**INPUT DATA:**
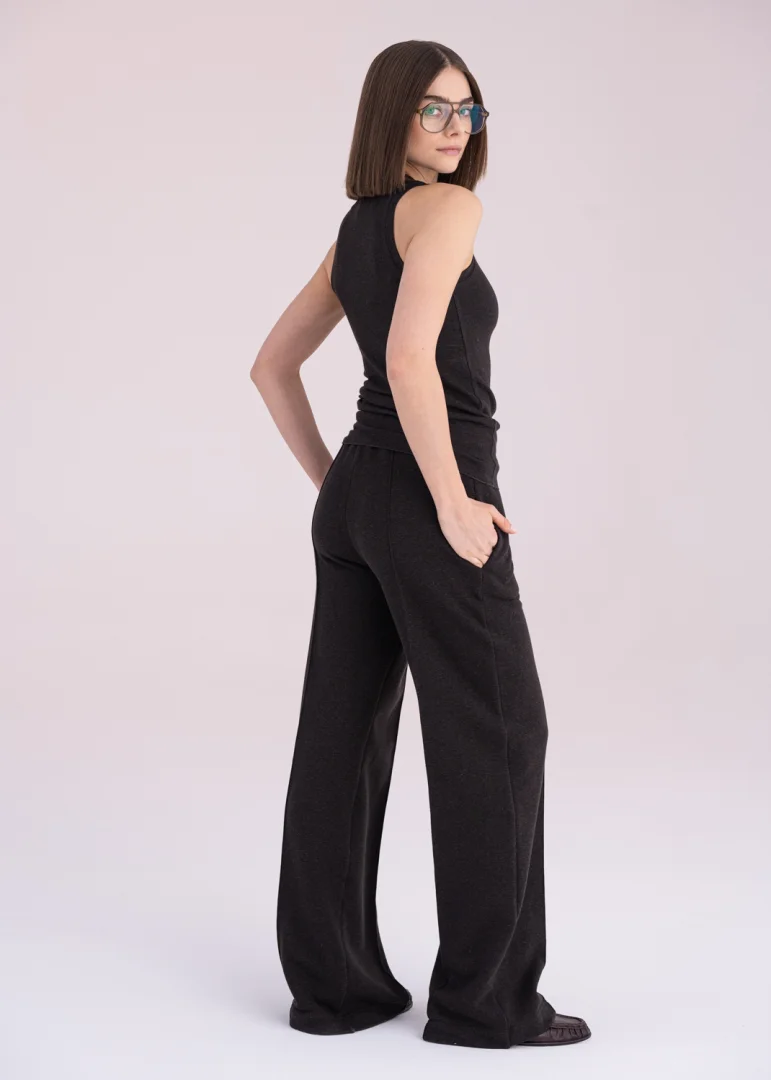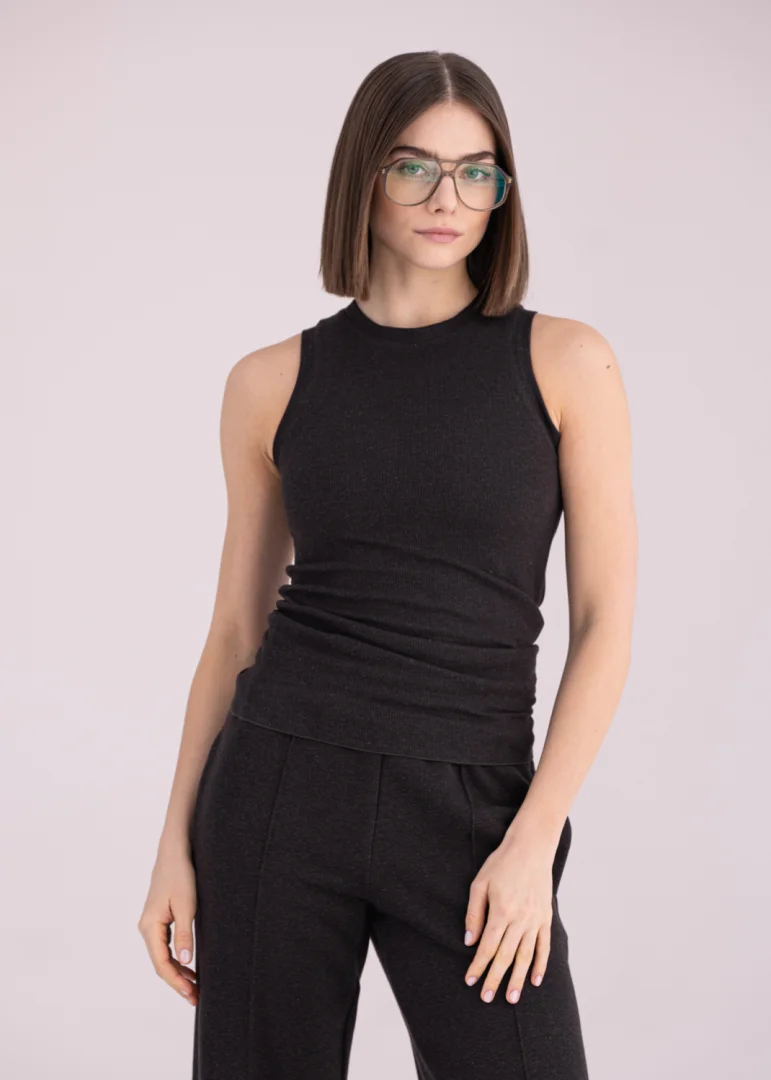 - Rib-trimmed neckline and armholes
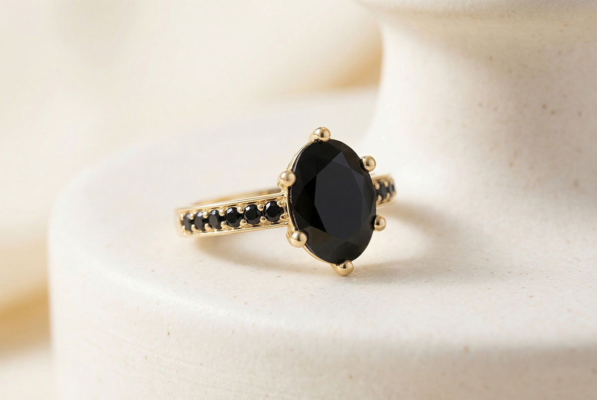 « L'ATELIER » NR. 564079Inel Aur galben 18 carate - Diamant negru Oval 1 carate - Încrustare Diamant negru
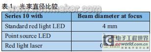 連接在點(diǎn)光源LED側(cè)面的焊線以及精密的光學(xué)元件,還可以從紅光傳感器中產(chǎn)生幾乎等同于激光的光束(焦點(diǎn)處的光束直徑:2毫米)。因此,這些紅光傳感器在精度上比采用從側(cè)面接近的常規(guī)LED傳感器有顯著的提高。如果需要可靠地檢測比較大型的物體,則標(biāo)準(zhǔn)的紅光LED仍然是首選。

**WHAT THIS TASK INVOLVES:**
Return the full material word for word. Do not include the pictures.

**SOLUTION TO THE EXERCISE:**
 - Rib-trimmed neckline and armholes
 « L'ATELIER » NR. 564079Inel Aur galben 18 carate - Diamant negru Oval 1 carate - Încrustare Diamant negru
 連接在點(diǎn)光源LED側(cè)面的焊線以及精密的光學(xué)元件,還可以從紅光傳感器中產(chǎn)生幾乎等同于激光的光束(焦點(diǎn)處的光束直徑:2毫米)。因此,這些紅光傳感器在精度上比采用從側(cè)面接近的常規(guī)LED傳感器有顯著的提高。如果需要可靠地檢測比較大型的物體,則標(biāo)準(zhǔn)的紅光LED仍然是首選。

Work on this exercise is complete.